BBC Future
Will We Ever?

Will we ever… reveal all the secrets of life from DNA?

About the author

Ed is an award-winning science author. He writes the blog Not Exactly Rocket Science and his work has appeared in New Scientist, Nature, Scientific American, the Guardian, the Times, Wired UK, Discover and more. He tweets at @edyong209.

Protein-coding genes make up just 1.5% of our genome, the rest includes a lot of what is thought to be useless junk with no discernible function. But it also contains regulatory sequences that control when, where and how our genes are used. We need to identify these if we’re ever to predict how a genome leads to a living, breathing organism. The technology for doing that is being developed, and the ENCODE project – the Encyclopaedia of DNA elements – has put it to good use, compiling a catalogue of the various regulatory sequences in our own genome. But ENCODE involved 442 scientists intensely running experiments for a decade, and even its unprecedented catalogue is incomplete.
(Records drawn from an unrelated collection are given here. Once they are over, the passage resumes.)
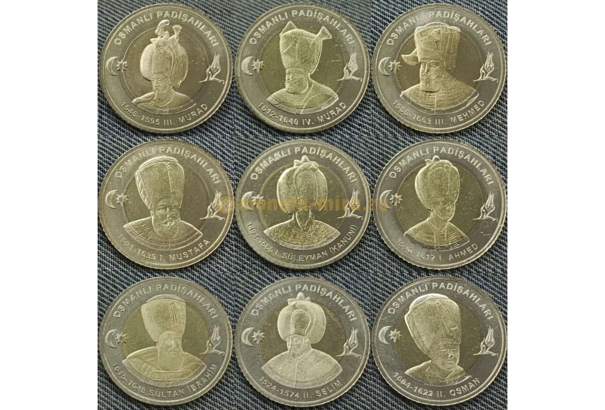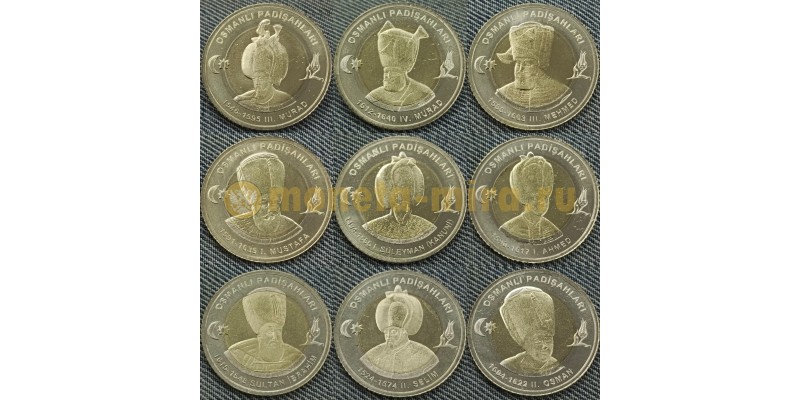 Набор из 9 монет Турция 1 лира 2025 г. Султаны Османской империи, серия №2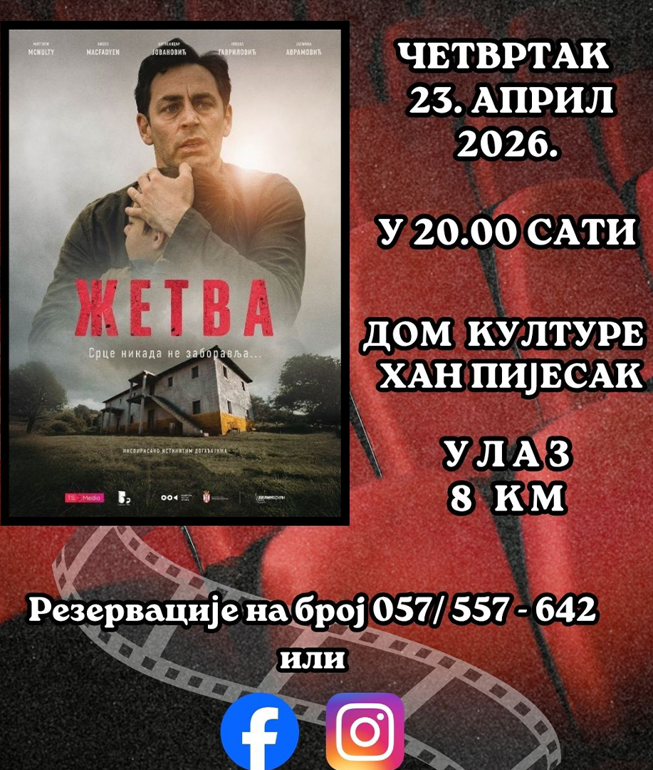 Током априла и маја у Хан Пијеску биће организован разноврстан културни програм који доноси концерт духовне музике, пројекцију филма и популарну стенд-ап представу.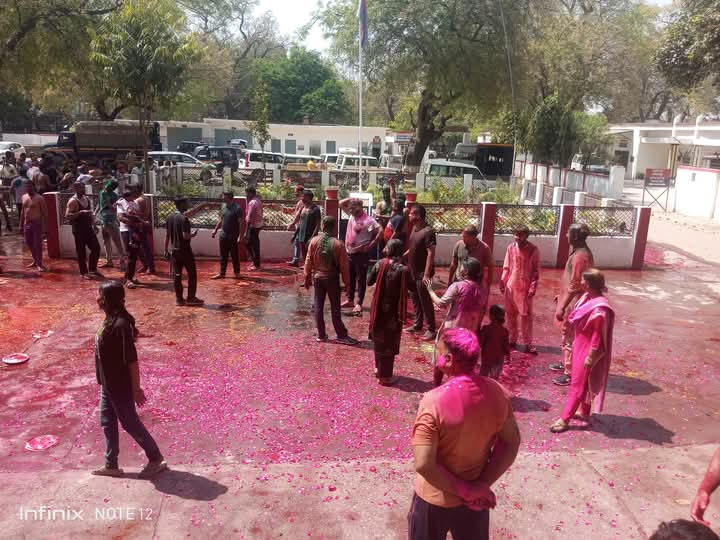 त्योहार संपन्न कराने के बाद होली रंग में डूबे पुलिस कर्मी, एक दूसरे को रंगा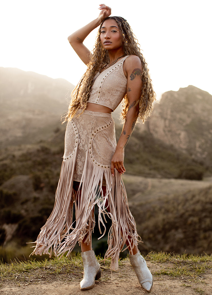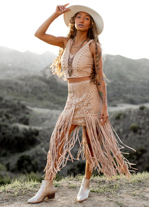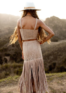Say hello to our Wey Set in Light Taupe - a groovy and trendy addition to your closet. This boho set boasts fringe accents for a pop of texture, ideal for spicing up your look. Don't be shy to make a statement with this one-of-a-kind and playful outfit.

And even if we have all this information—every gene, protein structure, and regulatory sequence – we’d still need to figure out how it all works together, and how it interacts with its environment. We would need patterns: when and where different genes are activated as an organism develops. We need timings: how quickly chemical reactions take place in a cell, and how proteins speed up that process.

Here, our metaphors let us down. Science writers like to compare the genome to a textbook or a blueprint. That conveys the fact that it stores information, but glosses over its buzzing, dynamic nature – proteins docking on and off to control the activity of genes, huge stretches of DNA that fold and unfold to reveal or hide their sequences, parasitic jumping genes that copy themselves and hop throughout the genome... None of our information stores – not sheet music, not recipe books – are this intricate.
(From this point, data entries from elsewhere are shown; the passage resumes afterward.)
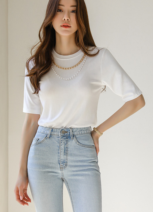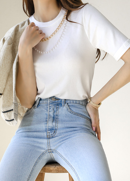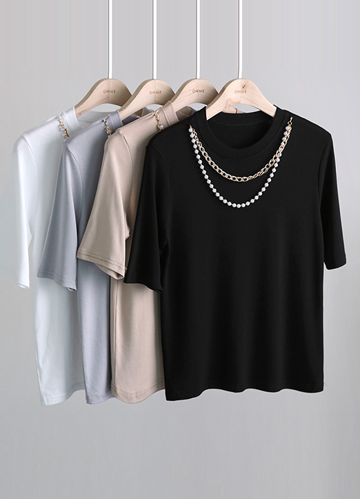 기본티에 네클리스로 멋을 낸듯한 디자인이라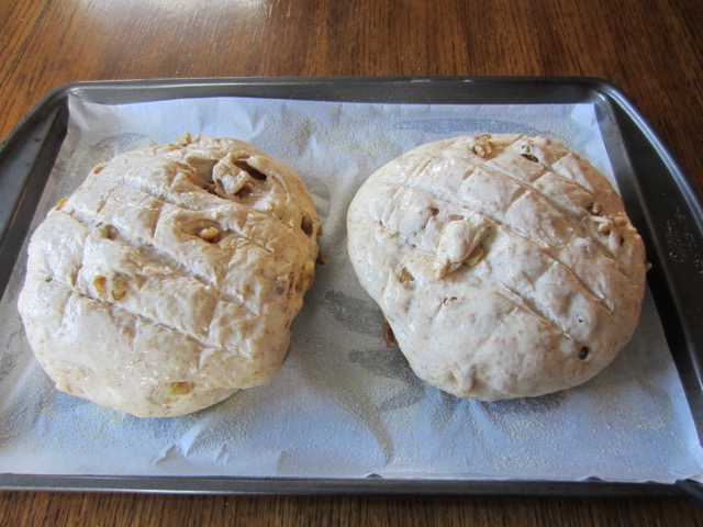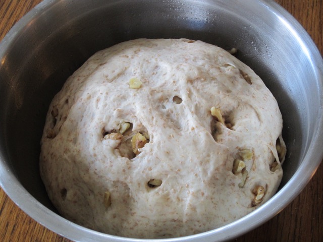 - Turn the dough on a lightly floured surface and gently knock back. Stretch out or pat the dough into a circle and sprinkle the nuts into the circle. Gently press the nuts into the dough, working them in gently, then form into a ball and let it rest in the oiled bowl for 30 minutes.
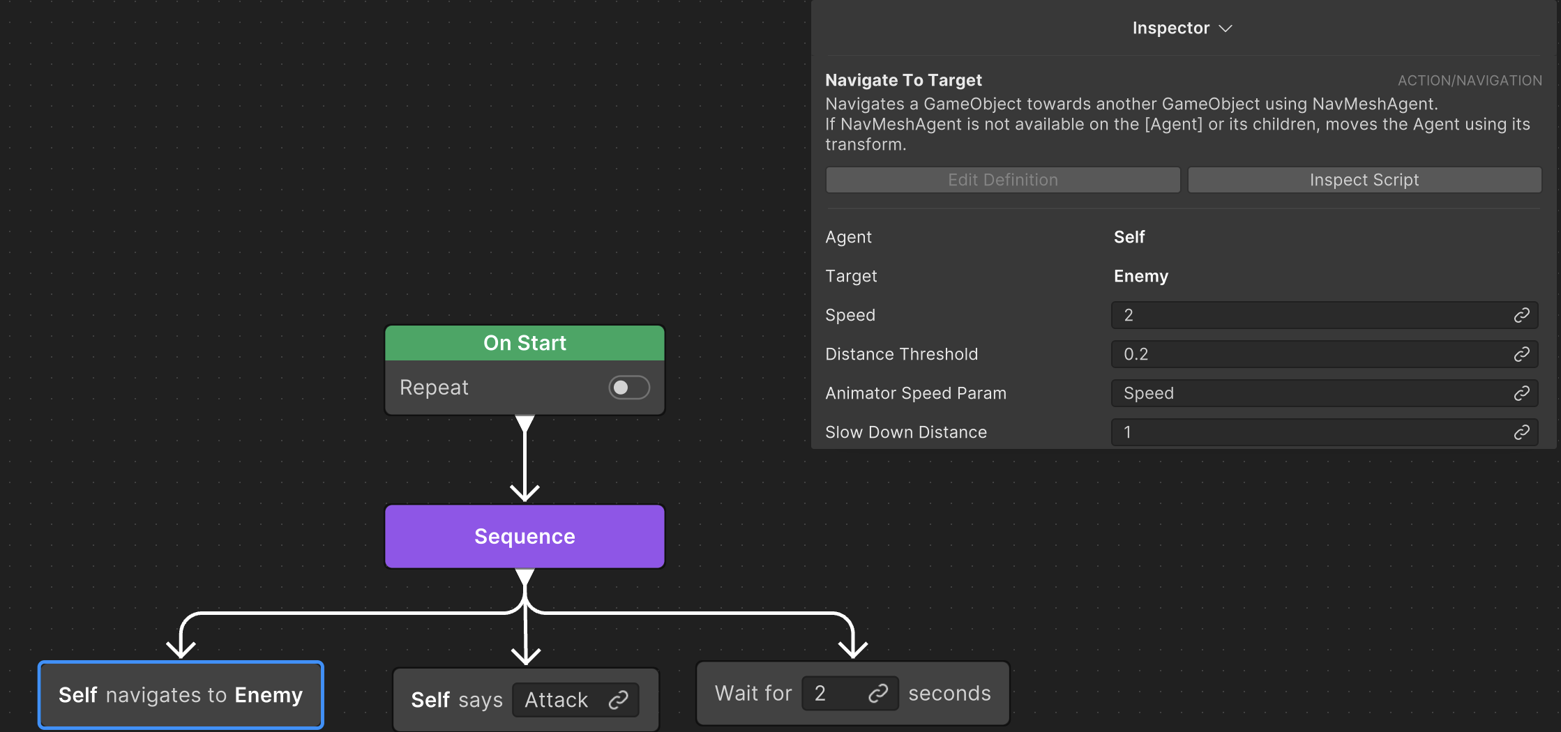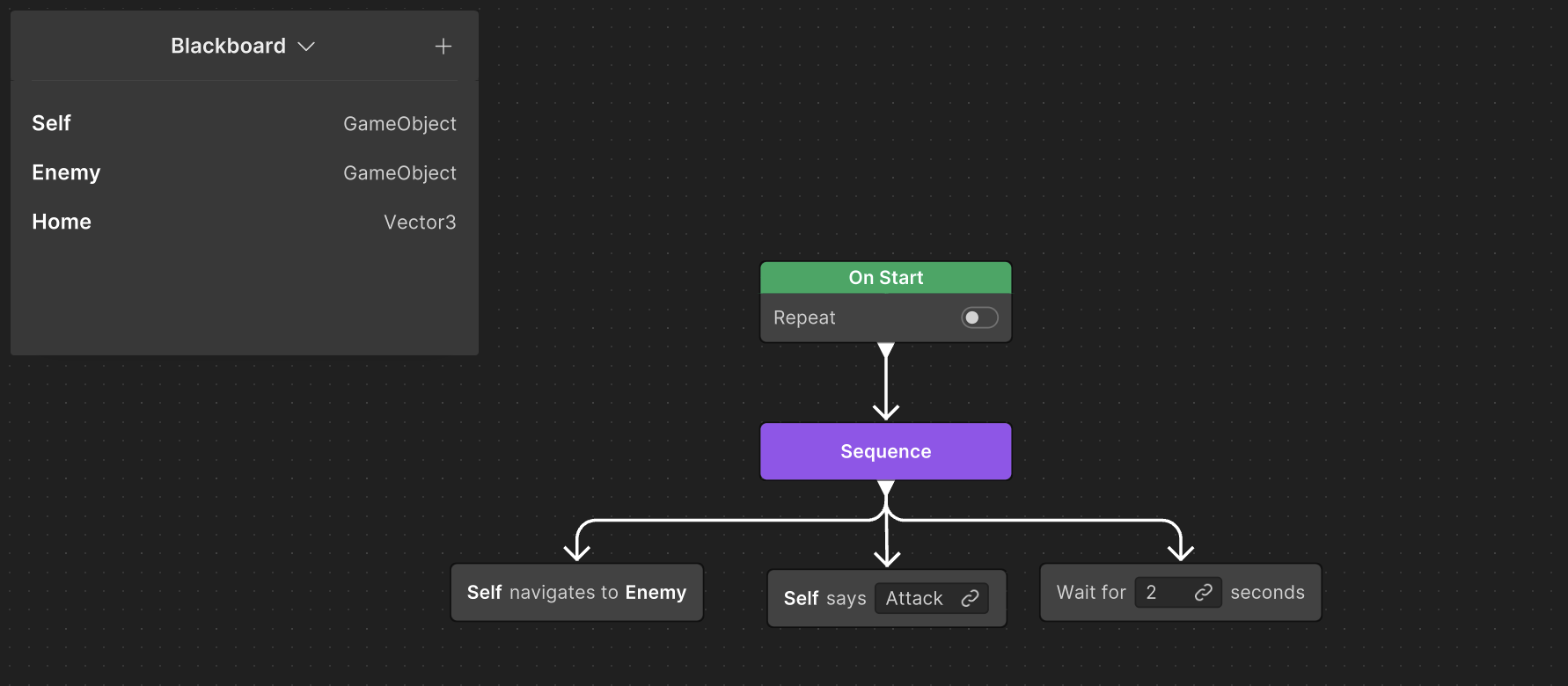 위의 이미지는 Behavior Graph를 통해서 만든 간단한 AI이다. 캐릭터(Self)가 Target의 위치를 따라가고, 그 위치에 도달하면, 콘솔 창에 Attack이라는 로그가 2초 간격으로 출력된다. 현재 Sequence하위의 노드들은 왼쪽부터 오른쪽으로 순차적으로 진행되는데, 노드들의 위치를 바꾸면 결과물도 바뀌게 된다.

This hasn’t stopped some scientists from trying to simulate this intricacy. In July, Covert announced that he had created a rough simulation of an entire organism – a single-celled microbe called Mycoplasma genitalium. Covert’s model simulates how all of the bacterium’s 525 genes are used, the proteins they produce, how quickly the proteins act, how they interact, and more. It is not completely accurate, but it captures much of M. genitalium’s lifestyle. Two colleagues wrote that the project “should be commended for its audacity alone”.

Virtual dawn

Still, the stimulation was hard-won. At 525 genes, M.genitalium has the smallest genome outside of viruses (humans have 20-25,000 genes, by comparison), pared down to extreme minimalism by its life as a parasite. It may be one of the simplest living things we can imagine, but modelling this microbe still took around 1,900 experiments and a lot of borrowed knowledge. “Around half of our model comes from experiments that were done in other bacteria,” says Covert. “There’s no way [the genome] would have been predictive by itself.”

Covert also needed to factor in M. genitalium’s environment. It lives only in the stable environment of our urethra, with no light, and steady temperature. “But even then, it occasionally sees the immune system coming after it and there’s no way of modelling that,” says Covert.

The influence of the environment becomes even more crucial for more complex free-ranging organisms. Temperature and acidity affect how proteins behave. The food that an organism consumes, the infections that plague it, and the competitors it interacts with, all affect how it develops, and how its genes are used. Many of these factors leave marks on the genome itself – “epigenetic” tags that dictate the deployment of genes, and can be passed on to the next generation. The environment clearly matters. When making predictions from a genome, the elephant in the room is the room.